Aristides Capital, a Louisville-based hedge fund founded by veteran manager Claire Brown, lost a big investor because of political disagreements, highlighting a tension that most of the industry prefers to avoid. Brown, a trans woman whose politics lean left, has become an outspoken critic of the Trump administration and U.S. foreign policy. 

Brown told Institutional Investor that the investor that redeemed — a family office Brown declined to name — pulled its investment, which amounted to about 2 percent of the fund’s $400 million in capital at the beginning of March. Brown said it was the biggest single redemption the fund has faced since 2020.

Allocator decisions have historically focused on performance and risk management, not managers’ personal views. But as politics have become more polarized, those lines are beginning to blur. 

Since Brown launched Aristides in 2008, the fund has faced few redemptions, given its strong performance. Aristides has an annualized return since inception of about 15 percent, and was up 6.75 percent through February, after which the redemption was requested. Even though March was a tough month, Aristides is still up 1.5 percent for the first quarter at a time when many hedge funds are in the red. The HFRI Equity Hedge Fund Index is down about .5 percent through March.

Brown, who transitioned in 2023 and 2024, said that the family office gave no reason for the redemption. But she said an individual close to the investor told her “it was because we were on the opposite ends of the political spectrum.”

The redemption came shortly after Brown’s March letter to investors.
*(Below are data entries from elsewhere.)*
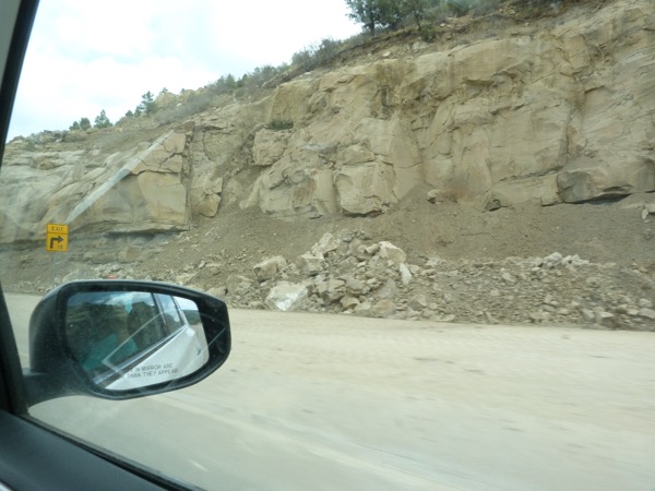 We are making really good time on the way to Denver when all of a sudden, on a not so busy freeway to this point, everything stops. “What on earth???” AdventureMan asks, and I have no clue. “Probably rockfall,” I say. It’s happened to me before on Colorado roads. Sometimes a huge boulder will just dislodge and fall on the highway. It can really hurt somebody if it hits them – of if they don’t expect a big boulder in the middle of the road and they hit it.
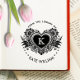 Custom Ex Libris Stamp features a vintage floral heart frame with a monogram and classic sans-serif fonts. Personalise this beautiful monogram from the library of custom rubber stamps with your name.
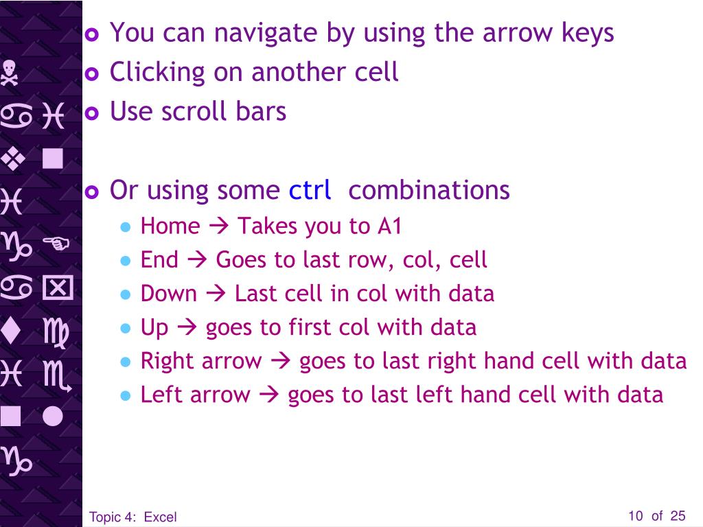 Navigating in Excel • You can navigate by using the arrow keys • Clicking on another cell • Use scroll bars • Or using some ctrl combinations • Home Takes you to A1 • End Goes to last row, col, cell • Down Last cell in col with data • Up goes to first col with data • Right arrow goes to last right hand cell with data • Left arrow goes to last left hand cell with data of 25

In the letter, she wrote that she opposed the war on Iran and called the Trump administration “fascist.” Brown said she didn’t know whether the letter, being an openly trans woman, or other political statements triggered the response.

While outspoken investors are not new to finance, few hedge fund managers communicate such views directly in investor letters, a format typically reserved for portfolio positioning and market analysis.

“The way to squarely oppose fascism is to speak the truth,” she said in the March letter.

An MD who served in the Air Force during the buildup to the Iraq War, Brown said in the letter that “We have a Department of War, led by an abuser with literal Crusades tattoos, serving a Commander in Chief who claims to have ‘ended eight wars’ while setting records for attacking the most nations.”  

“Fascism appeals to social frustrations and the fear of human difference, exalting machismo, violence, weaponry, and war, and rejecting science, academia, queer people, pacifism, and empathy for any sort of frailty. It’s difficult to conceive of a more concise summation of the Trump presidency.”

Brown also used the letter to make a macro argument, predicting the war with Iran would not last long because the consequences would be too severe to the economies of both the U.S. and the Middle East. 

Institutional Investor profiled Brown during her transition in 2023.

Her public transition and political advocacy have made her one of the more visible and unconventional figures in the hedge fund industry.

When Brown was living in Ohio, she was vocal about trans rights, sending letters to state legislators opposing trans bans on medical treatments for minors. She has also spoken out about a number of other political issues, occasionally in letters to investors and also on X.

“It's hard to be trans and not be an intersectional feminist,” she told II. Although Brown acknowledges she is a privileged person, she said that seeing how other trans people are discriminated against in terms of employment and otherwise “definitely changes the way you view the world with respect to immigrants, prisoners, women and people of color.”

She said few investors have ever questioned her political stances, and some have been supportive.

“I have one investor who was very concerned about the political situation to the extent that he felt like we should already be planning ways to leave the country—planning ways to make sure a lot of our money is offshore and untouchable.”

She said that the investor “wanted us to be more aggressive with our approach to Trump,” not less.